- _WHAT TO DO_
The material below has pictures in it. Set down only the lines from the line containing "Project Cost Benefit" through the line containing "Daphne is our", word for word, and leave the pictures behind.

- _SOURCE MATERIAL_

-----

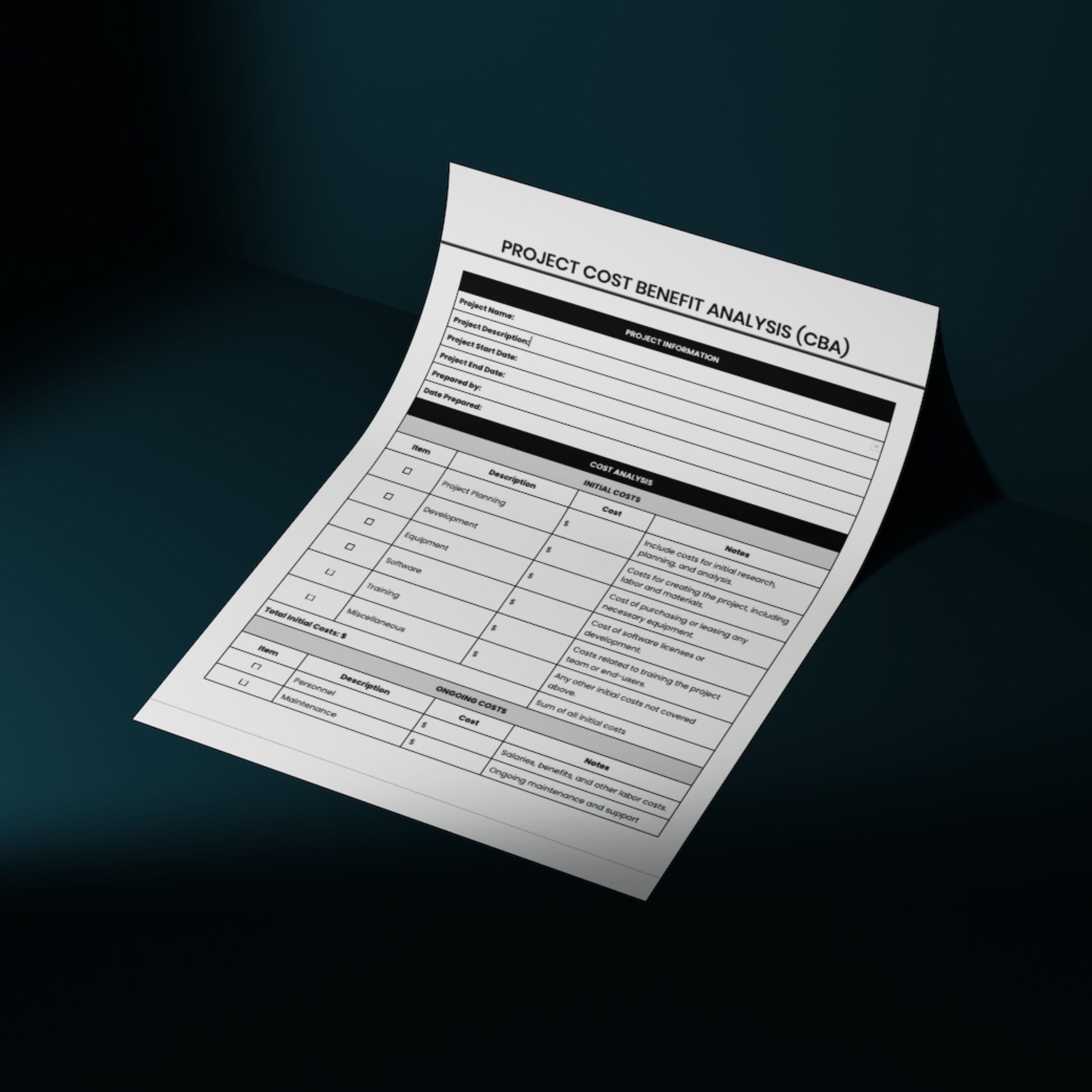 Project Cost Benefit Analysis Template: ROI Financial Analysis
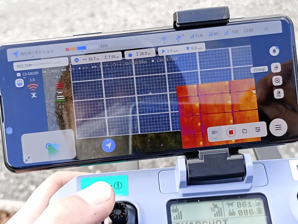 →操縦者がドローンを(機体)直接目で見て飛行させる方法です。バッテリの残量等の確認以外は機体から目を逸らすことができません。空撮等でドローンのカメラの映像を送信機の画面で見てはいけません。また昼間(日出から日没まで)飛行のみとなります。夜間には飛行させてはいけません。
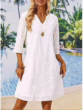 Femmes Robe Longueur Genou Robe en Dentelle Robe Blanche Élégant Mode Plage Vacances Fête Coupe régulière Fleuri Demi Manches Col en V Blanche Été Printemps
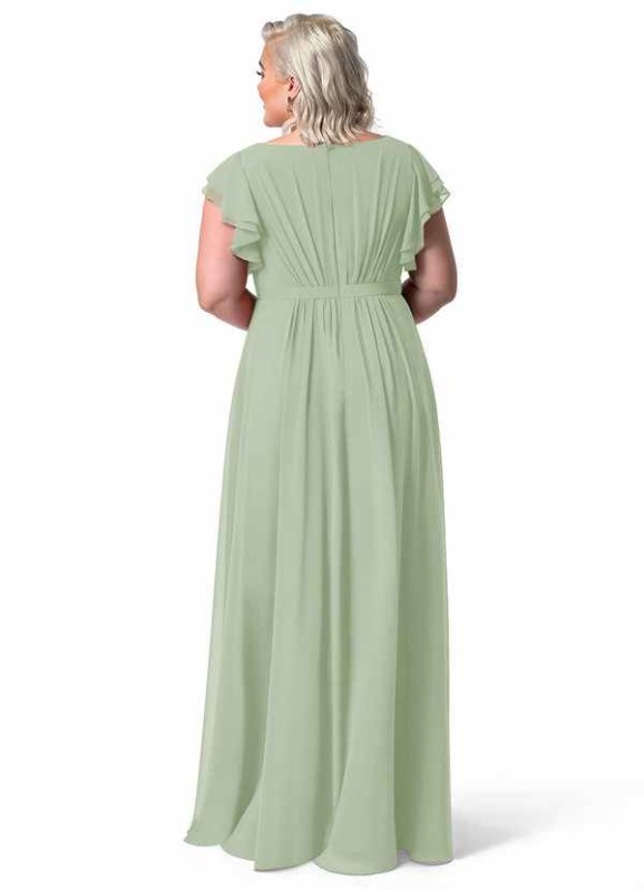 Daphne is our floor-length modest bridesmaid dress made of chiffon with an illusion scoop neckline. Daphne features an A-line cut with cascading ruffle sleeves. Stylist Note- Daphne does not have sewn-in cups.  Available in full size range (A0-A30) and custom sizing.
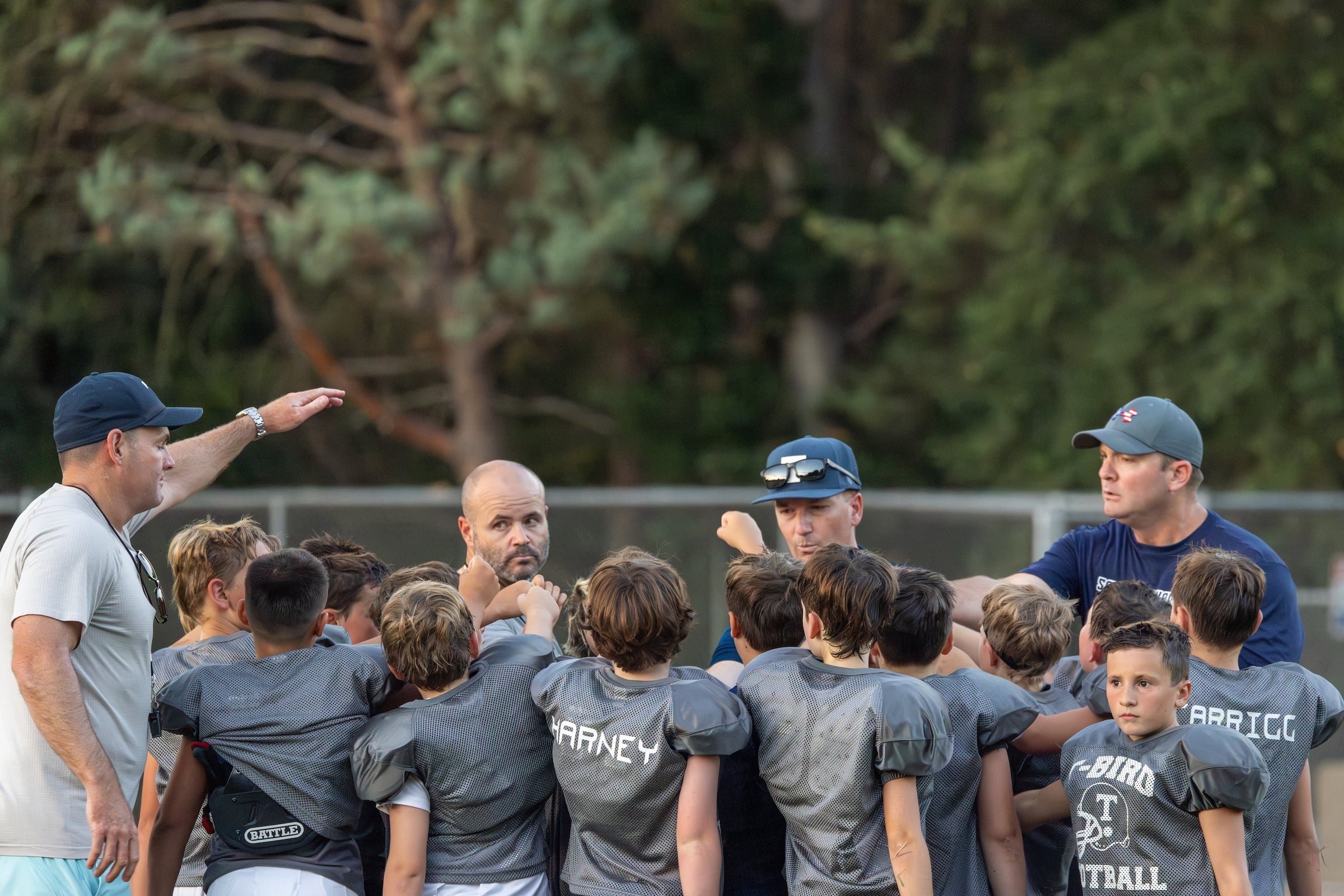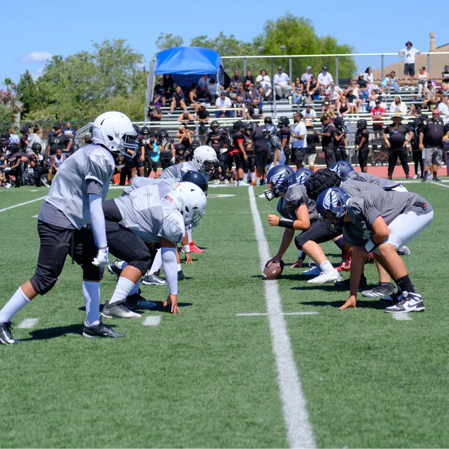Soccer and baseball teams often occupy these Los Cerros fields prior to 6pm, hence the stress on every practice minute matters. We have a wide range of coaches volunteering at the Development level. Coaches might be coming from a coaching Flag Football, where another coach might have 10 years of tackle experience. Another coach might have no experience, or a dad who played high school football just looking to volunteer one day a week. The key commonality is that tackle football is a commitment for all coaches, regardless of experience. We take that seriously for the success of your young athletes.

-----

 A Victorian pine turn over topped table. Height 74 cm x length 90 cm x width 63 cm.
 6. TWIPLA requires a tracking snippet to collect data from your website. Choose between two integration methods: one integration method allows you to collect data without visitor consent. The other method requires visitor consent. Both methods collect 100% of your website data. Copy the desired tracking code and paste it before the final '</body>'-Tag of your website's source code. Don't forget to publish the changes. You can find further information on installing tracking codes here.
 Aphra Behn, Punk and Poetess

-----

- _EXPECTED ANSWER_
 Project Cost Benefit Analysis Template: ROI Financial Analysis
 →操縦者がドローンを(機体)直接目で見て飛行させる方法です。バッテリの残量等の確認以外は機体から目を逸らすことができません。空撮等でドローンのカメラの映像を送信機の画面で見てはいけません。また昼間(日出から日没まで)飛行のみとなります。夜間には飛行させてはいけません。
 Femmes Robe Longueur Genou Robe en Dentelle Robe Blanche Élégant Mode Plage Vacances Fête Coupe régulière Fleuri Demi Manches Col en V Blanche Été Printemps
 Daphne is our floor-length modest bridesmaid dress made of chiffon with an illusion scoop neckline. Daphne features an A-line cut with cascading ruffle sleeves. Stylist Note- Daphne does not have sewn-in cups.  Available in full size range (A0-A30) and custom sizing.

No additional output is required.